▶ TO DO: Give the entries again, precisely as they were written.

━━━━━ ENTRIES SHOWN

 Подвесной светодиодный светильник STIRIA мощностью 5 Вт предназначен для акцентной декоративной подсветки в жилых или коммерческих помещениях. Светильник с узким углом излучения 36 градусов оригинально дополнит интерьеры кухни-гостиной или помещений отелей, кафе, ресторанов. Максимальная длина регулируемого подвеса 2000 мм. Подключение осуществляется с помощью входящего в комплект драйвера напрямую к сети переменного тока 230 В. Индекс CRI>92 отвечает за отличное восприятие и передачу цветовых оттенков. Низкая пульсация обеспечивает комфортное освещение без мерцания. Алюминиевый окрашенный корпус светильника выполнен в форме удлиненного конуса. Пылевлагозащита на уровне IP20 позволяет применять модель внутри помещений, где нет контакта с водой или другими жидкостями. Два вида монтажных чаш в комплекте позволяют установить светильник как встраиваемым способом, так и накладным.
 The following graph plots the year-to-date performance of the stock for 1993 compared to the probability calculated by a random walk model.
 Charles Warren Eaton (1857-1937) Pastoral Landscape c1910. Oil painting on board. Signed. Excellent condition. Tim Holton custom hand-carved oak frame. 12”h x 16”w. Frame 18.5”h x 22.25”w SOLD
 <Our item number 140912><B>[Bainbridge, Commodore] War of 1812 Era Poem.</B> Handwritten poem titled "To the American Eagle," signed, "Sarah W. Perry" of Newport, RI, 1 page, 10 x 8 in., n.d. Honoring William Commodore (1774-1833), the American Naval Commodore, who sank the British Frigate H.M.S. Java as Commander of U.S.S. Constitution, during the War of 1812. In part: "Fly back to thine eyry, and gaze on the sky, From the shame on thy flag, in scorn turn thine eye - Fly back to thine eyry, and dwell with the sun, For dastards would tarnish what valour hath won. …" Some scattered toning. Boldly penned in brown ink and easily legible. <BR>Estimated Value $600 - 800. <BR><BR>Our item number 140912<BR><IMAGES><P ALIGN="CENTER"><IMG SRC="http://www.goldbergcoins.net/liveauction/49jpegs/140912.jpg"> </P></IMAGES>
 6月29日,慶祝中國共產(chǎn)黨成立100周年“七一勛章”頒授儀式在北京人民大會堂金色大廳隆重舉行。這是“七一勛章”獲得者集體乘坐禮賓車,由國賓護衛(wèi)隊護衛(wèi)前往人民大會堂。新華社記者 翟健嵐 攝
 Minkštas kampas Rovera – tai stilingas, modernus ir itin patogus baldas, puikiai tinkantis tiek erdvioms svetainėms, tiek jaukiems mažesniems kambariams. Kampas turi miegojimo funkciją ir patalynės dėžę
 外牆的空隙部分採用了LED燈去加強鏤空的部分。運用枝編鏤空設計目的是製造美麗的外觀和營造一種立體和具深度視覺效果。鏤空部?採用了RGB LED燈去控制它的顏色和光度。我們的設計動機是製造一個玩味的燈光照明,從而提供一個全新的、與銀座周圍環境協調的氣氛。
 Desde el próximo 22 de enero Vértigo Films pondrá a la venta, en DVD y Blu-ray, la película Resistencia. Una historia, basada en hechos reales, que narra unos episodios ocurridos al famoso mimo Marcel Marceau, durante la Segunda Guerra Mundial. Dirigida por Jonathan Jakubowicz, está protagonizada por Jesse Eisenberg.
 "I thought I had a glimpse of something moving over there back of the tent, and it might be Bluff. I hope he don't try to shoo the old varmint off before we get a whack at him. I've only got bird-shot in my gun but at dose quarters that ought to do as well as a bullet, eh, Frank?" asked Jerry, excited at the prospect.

━━━━━━━━━━

▶ TASK RESULT:
 Подвесной светодиодный светильник STIRIA мощностью 5 Вт предназначен для акцентной декоративной подсветки в жилых или коммерческих помещениях. Светильник с узким углом излучения 36 градусов оригинально дополнит интерьеры кухни-гостиной или помещений отелей, кафе, ресторанов. Максимальная длина регулируемого подвеса 2000 мм. Подключение осуществляется с помощью входящего в комплект драйвера напрямую к сети переменного тока 230 В. Индекс CRI>92 отвечает за отличное восприятие и передачу цветовых оттенков. Низкая пульсация обеспечивает комфортное освещение без мерцания. Алюминиевый окрашенный корпус светильника выполнен в форме удлиненного конуса. Пылевлагозащита на уровне IP20 позволяет применять модель внутри помещений, где нет контакта с водой или другими жидкостями. Два вида монтажных чаш в комплекте позволяют установить светильник как встраиваемым способом, так и накладным.
 The following graph plots the year-to-date performance of the stock for 1993 compared to the probability calculated by a random walk model.
 Charles Warren Eaton (1857-1937) Pastoral Landscape c1910. Oil painting on board. Signed. Excellent condition. Tim Holton custom hand-carved oak frame. 12”h x 16”w. Frame 18.5”h x 22.25”w SOLD
 <Our item number 140912><B>[Bainbridge, Commodore] War of 1812 Era Poem.</B> Handwritten poem titled "To the American Eagle," signed, "Sarah W. Perry" of Newport, RI, 1 page, 10 x 8 in., n.d. Honoring William Commodore (1774-1833), the American Naval Commodore, who sank the British Frigate H.M.S. Java as Commander of U.S.S. Constitution, during the War of 1812. In part: "Fly back to thine eyry, and gaze on the sky, From the shame on thy flag, in scorn turn thine eye - Fly back to thine eyry, and dwell with the sun, For dastards would tarnish what valour hath won. …" Some scattered toning. Boldly penned in brown ink and easily legible. <BR>Estimated Value $600 - 800. <BR><BR>Our item number 140912<BR><IMAGES><P ALIGN="CENTER"><IMG SRC="http://www.goldbergcoins.net/liveauction/49jpegs/140912.jpg"> </P></IMAGES>
 6月29日,慶祝中國共產(chǎn)黨成立100周年“七一勛章”頒授儀式在北京人民大會堂金色大廳隆重舉行。這是“七一勛章”獲得者集體乘坐禮賓車,由國賓護衛(wèi)隊護衛(wèi)前往人民大會堂。新華社記者 翟健嵐 攝
 Minkštas kampas Rovera – tai stilingas, modernus ir itin patogus baldas, puikiai tinkantis tiek erdvioms svetainėms, tiek jaukiems mažesniems kambariams. Kampas turi miegojimo funkciją ir patalynės dėžę
 外牆的空隙部分採用了LED燈去加強鏤空的部分。運用枝編鏤空設計目的是製造美麗的外觀和營造一種立體和具深度視覺效果。鏤空部?採用了RGB LED燈去控制它的顏色和光度。我們的設計動機是製造一個玩味的燈光照明,從而提供一個全新的、與銀座周圍環境協調的氣氛。
 Desde el próximo 22 de enero Vértigo Films pondrá a la venta, en DVD y Blu-ray, la película Resistencia. Una historia, basada en hechos reales, que narra unos episodios ocurridos al famoso mimo Marcel Marceau, durante la Segunda Guerra Mundial. Dirigida por Jonathan Jakubowicz, está protagonizada por Jesse Eisenberg.
 "I thought I had a glimpse of something moving over there back of the tent, and it might be Bluff. I hope he don't try to shoo the old varmint off before we get a whack at him. I've only got bird-shot in my gun but at dose quarters that ought to do as well as a bullet, eh, Frank?" asked Jerry, excited at the prospect.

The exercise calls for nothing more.